§ **INFORMATION SHOWN**:
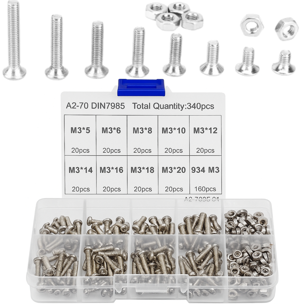 01 - Kit 300 Parafusos Allen M3 Com Porcas 4~16M M
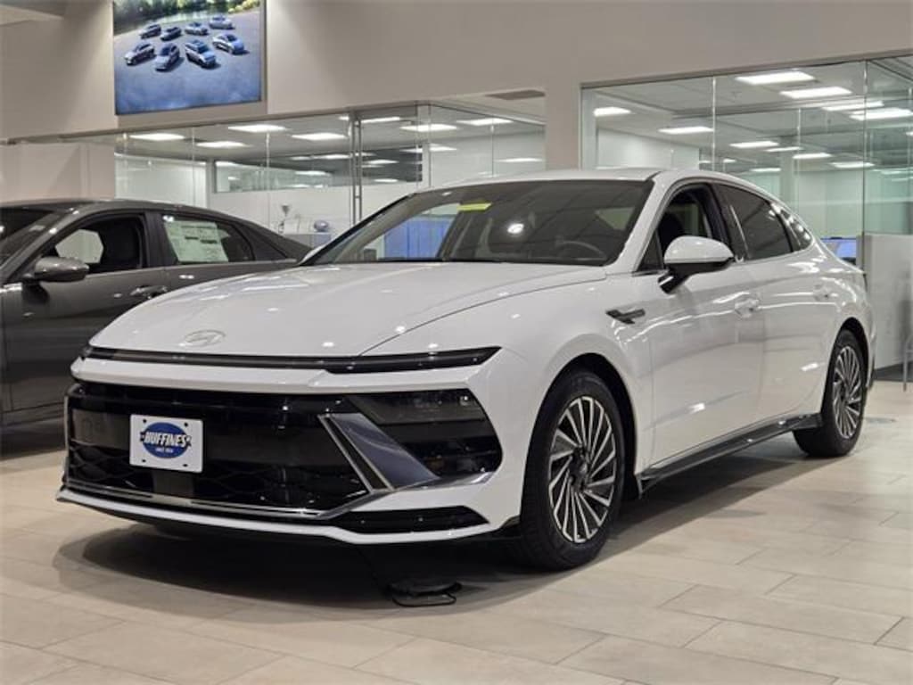 $2,000 off MSRP! New Price! White 2025 Hyundai Sonata Hybrid SEL 4D Sedan SEL FWD 6-Speed Automatic with Shiftronic I4 Option Group 01, 17" x 7.0J Aluminum Alloy Wheels, 4-Wheel Disc Brakes, 6 Speakers, ABS brakes, Air Conditioning, Alloy wheels, AM/FM radio: SiriusXM, Apple CarPlay & Android Auto, Auto High-beam Headlights, Automatic temperature control, Brake assist, Bumpers: body-color, Cargo Net, Cargo Tray, Carpeted Floor Mats, Cloth Seating Surfaces, Delay-off headlights, Driver door bin, Driver vanity mirror, Dual front impact airbags, Dual front side impact airbags, Electronic Stability Control, Emergency communication system: Bluelink+, First Aid Kit, Four wheel independent suspension, Front anti-roll bar, Front Bucket Seats, Front Center Armrest, Front dual zone A/C, Front reading lights, Fully automatic headlights, Heated door mirrors, Heated Front Bucket Seats, Heated front seats, Illuminated entry, Knee airbag, Lane Departure Warning System, Leather steering wheel, Low tire pressure warning, Mud Guards, Occupant sensing airbag, Outside temperature display, Overhead airbag, Overhead console, Panic alarm, Passenger door bin, Passenger vanity mirror, Power door mirrors, Power driver seat, Power passenger seat, Power steering, Power windows, Radio data system, Radio: AM/FM/HD/SiriusXM, Rear anti-roll bar, Rear seat center armrest, Rear side impact airbag, Rear window defroster, Remote keyless entry, Security system, Speed control, Speed-sensing steering, Speed-Sensitive Wipers, Split folding rear seat, Spoiler, Steering wheel mounted audio controls, Tachometer, Telescoping steering wheel, Tilt steering wheel, Traction control, Trip computer, Variably intermittent wipers, and Wheel Locks.
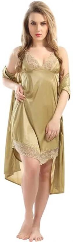 Bombshell Pack of 2 Women Nighty with Robe (Gold)
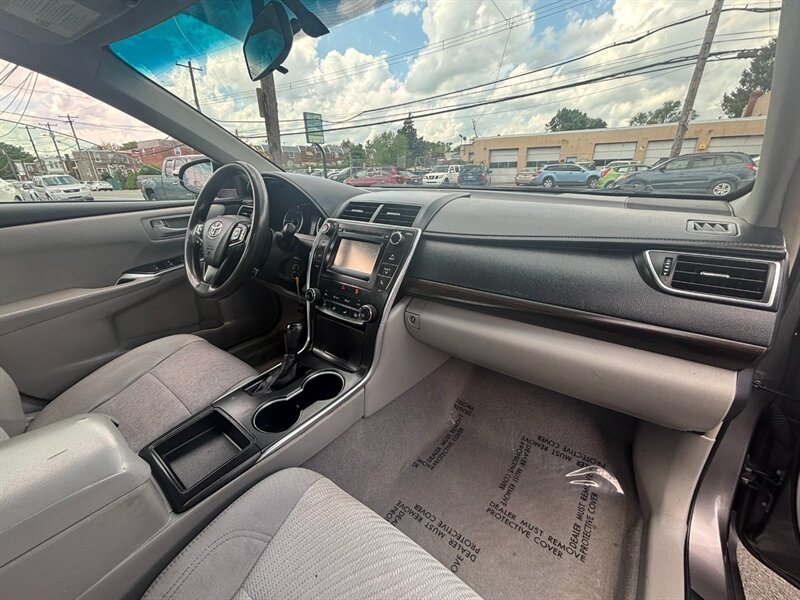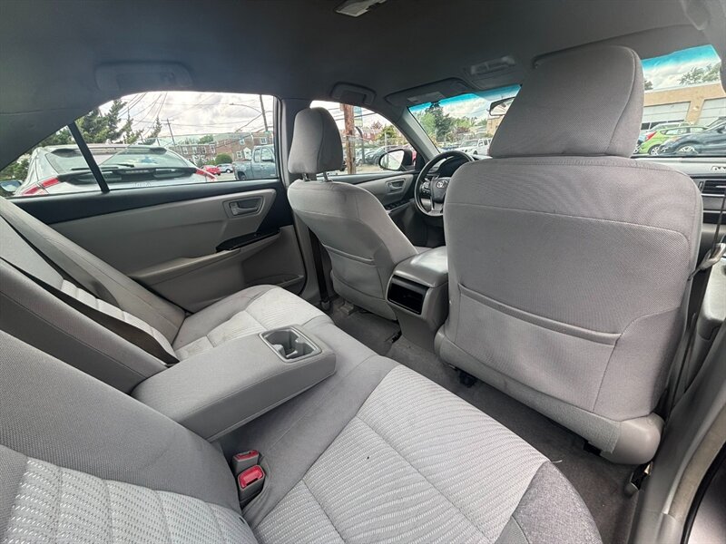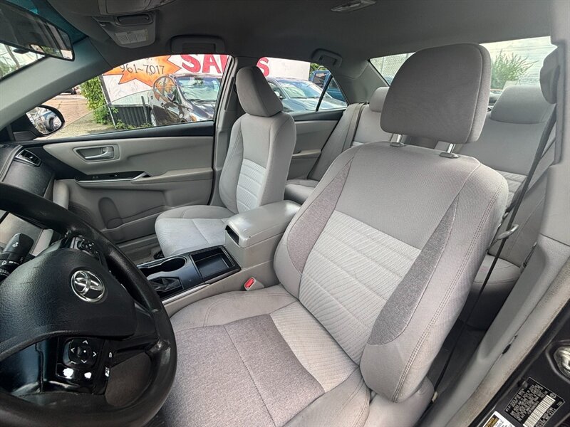 This 2017 Toyota Camry LE comes equipped with a powerful 2.5L I4 engine delivering 178hp and 170ft. lbs. of torque. The exterior is finished in a sleek Predawn Gray Mica, complemented by an interior featuring Ash cloth upholstery. Factory default features include a user-friendly infotainment system, Bluetooth connectivity, keyless entry, power-adjustable driver's seat, and a rearview camera for added convenience and safety. With a fuel efficiency of 24 MPG in the city and 33 MPG on the highway, this vehicle is in excellent overall condition, making it a reliable choice for daily commutes or road trips.

§ **REQUIREMENT**:
Return the material in full, word for word, and skip the pictures.

§ **EXPECTED ANSWER**:
 01 - Kit 300 Parafusos Allen M3 Com Porcas 4~16M M
 $2,000 off MSRP! New Price! White 2025 Hyundai Sonata Hybrid SEL 4D Sedan SEL FWD 6-Speed Automatic with Shiftronic I4 Option Group 01, 17" x 7.0J Aluminum Alloy Wheels, 4-Wheel Disc Brakes, 6 Speakers, ABS brakes, Air Conditioning, Alloy wheels, AM/FM radio: SiriusXM, Apple CarPlay & Android Auto, Auto High-beam Headlights, Automatic temperature control, Brake assist, Bumpers: body-color, Cargo Net, Cargo Tray, Carpeted Floor Mats, Cloth Seating Surfaces, Delay-off headlights, Driver door bin, Driver vanity mirror, Dual front impact airbags, Dual front side impact airbags, Electronic Stability Control, Emergency communication system: Bluelink+, First Aid Kit, Four wheel independent suspension, Front anti-roll bar, Front Bucket Seats, Front Center Armrest, Front dual zone A/C, Front reading lights, Fully automatic headlights, Heated door mirrors, Heated Front Bucket Seats, Heated front seats, Illuminated entry, Knee airbag, Lane Departure Warning System, Leather steering wheel, Low tire pressure warning, Mud Guards, Occupant sensing airbag, Outside temperature display, Overhead airbag, Overhead console, Panic alarm, Passenger door bin, Passenger vanity mirror, Power door mirrors, Power driver seat, Power passenger seat, Power steering, Power windows, Radio data system, Radio: AM/FM/HD/SiriusXM, Rear anti-roll bar, Rear seat center armrest, Rear side impact airbag, Rear window defroster, Remote keyless entry, Security system, Speed control, Speed-sensing steering, Speed-Sensitive Wipers, Split folding rear seat, Spoiler, Steering wheel mounted audio controls, Tachometer, Telescoping steering wheel, Tilt steering wheel, Traction control, Trip computer, Variably intermittent wipers, and Wheel Locks.
 Bombshell Pack of 2 Women Nighty with Robe (Gold)
 This 2017 Toyota Camry LE comes equipped with a powerful 2.5L I4 engine delivering 178hp and 170ft. lbs. of torque. The exterior is finished in a sleek Predawn Gray Mica, complemented by an interior featuring Ash cloth upholstery. Factory default features include a user-friendly infotainment system, Bluetooth connectivity, keyless entry, power-adjustable driver's seat, and a rearview camera for added convenience and safety. With a fuel efficiency of 24 MPG in the city and 33 MPG on the highway, this vehicle is in excellent overall condition, making it a reliable choice for daily commutes or road trips.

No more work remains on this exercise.